Comparisons between the hand‐outlined contours and the computer‐segmented contours. (a), (c), and (e) show the outer wall contour, and (b), (d), and (f) the inner contour. The dark and light contours in each image represent the hand‐outlined contour and the computer‐segmented contour, respectively. The 2D area intersection ratio of the thin wall between the inner and outer wall contours (a) 50.0%, (c) 53.0%, and (e) 55.9%. [Color figure can be viewed at wileyonlinelibrary.com]

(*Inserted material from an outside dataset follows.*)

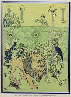 The trouble with this metaphor was that I had read The Wizard of Oz as a kid. I'm talking about the book written by L. Frank Baum not the movie, they are very different. In the movie the Emerald City is, well, made of emeralds. But in the book it's all a fraud, through and through. So why does everyone think the city is made of emeralds? Well, this is why:

Another limitation associated with the method is the reliance on hand outlines from a single radiologist. Generating outlines from multiple radiologists and taking the average will reduce the bias for the reference standard, which will allow better estimation of the DL‐CNN performance. However, due to the excessive time required to generate manual hand outlines for such a large data set (a total of approximately 16 000 slices of bladder outlines), only one set of hand outlines was obtained and used for evaluation.

5. Conclusions

Our results in this study show that the DL‐CNN‐assisted level set method is useful for segmentation of the bladder wall in CTU scans. This method can specifically segment the bladder wall by detecting both the inner and outer wall contours of the bladder. The DL‐CNN can accurately differentiate the bladder wall from the interior of the bladder and the surrounding structured background. The segmentation of the wall is an important first step for automated lesion detection and bladder analysis. Further studies are underway to improve the performance of the wall segmentation process, especially for the inclusion of lesions within the wall contours. This study lays the important groundwork for further efforts to develop computerized decision support systems for diagnosis and treatment of bladder cancer.

Conflict of interest

The authors have no conflicts to disclose.